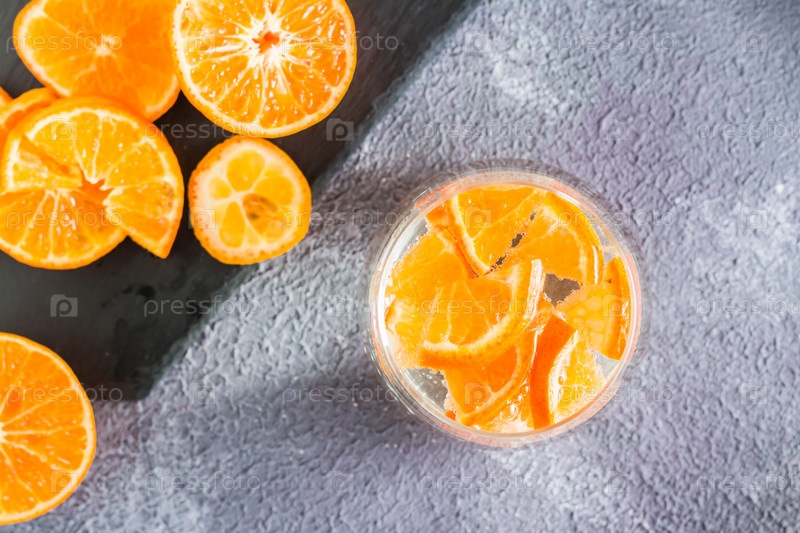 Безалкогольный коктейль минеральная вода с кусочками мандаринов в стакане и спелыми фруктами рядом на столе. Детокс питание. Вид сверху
--
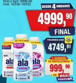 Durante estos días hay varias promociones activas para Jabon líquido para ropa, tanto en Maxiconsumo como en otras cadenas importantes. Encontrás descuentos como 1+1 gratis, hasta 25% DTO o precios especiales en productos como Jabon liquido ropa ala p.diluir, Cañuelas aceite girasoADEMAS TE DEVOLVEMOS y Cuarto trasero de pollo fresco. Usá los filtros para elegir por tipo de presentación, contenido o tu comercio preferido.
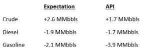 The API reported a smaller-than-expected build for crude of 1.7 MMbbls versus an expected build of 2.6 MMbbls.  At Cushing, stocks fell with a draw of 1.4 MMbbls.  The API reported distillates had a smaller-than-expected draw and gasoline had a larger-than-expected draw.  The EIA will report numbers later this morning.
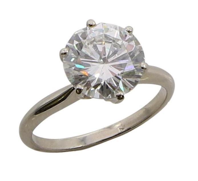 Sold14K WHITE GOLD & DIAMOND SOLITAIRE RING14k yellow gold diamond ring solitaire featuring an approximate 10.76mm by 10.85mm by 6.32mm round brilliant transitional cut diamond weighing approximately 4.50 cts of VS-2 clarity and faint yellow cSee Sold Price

◆ Requirement ◆
Above are entries with pictures among them. Write out exactly the lines from the one containing "The API reported a" through the one containing "Sold14K WHITE GOLD", ends included, and leave those pictures out.

◆ Solution to the problem ◆
 The API reported a smaller-than-expected build for crude of 1.7 MMbbls versus an expected build of 2.6 MMbbls.  At Cushing, stocks fell with a draw of 1.4 MMbbls.  The API reported distillates had a smaller-than-expected draw and gasoline had a larger-than-expected draw.  The EIA will report numbers later this morning.
 Sold14K WHITE GOLD & DIAMOND SOLITAIRE RING14k yellow gold diamond ring solitaire featuring an approximate 10.76mm by 10.85mm by 6.32mm round brilliant transitional cut diamond weighing approximately 4.50 cts of VS-2 clarity and faint yellow cSee Sold Price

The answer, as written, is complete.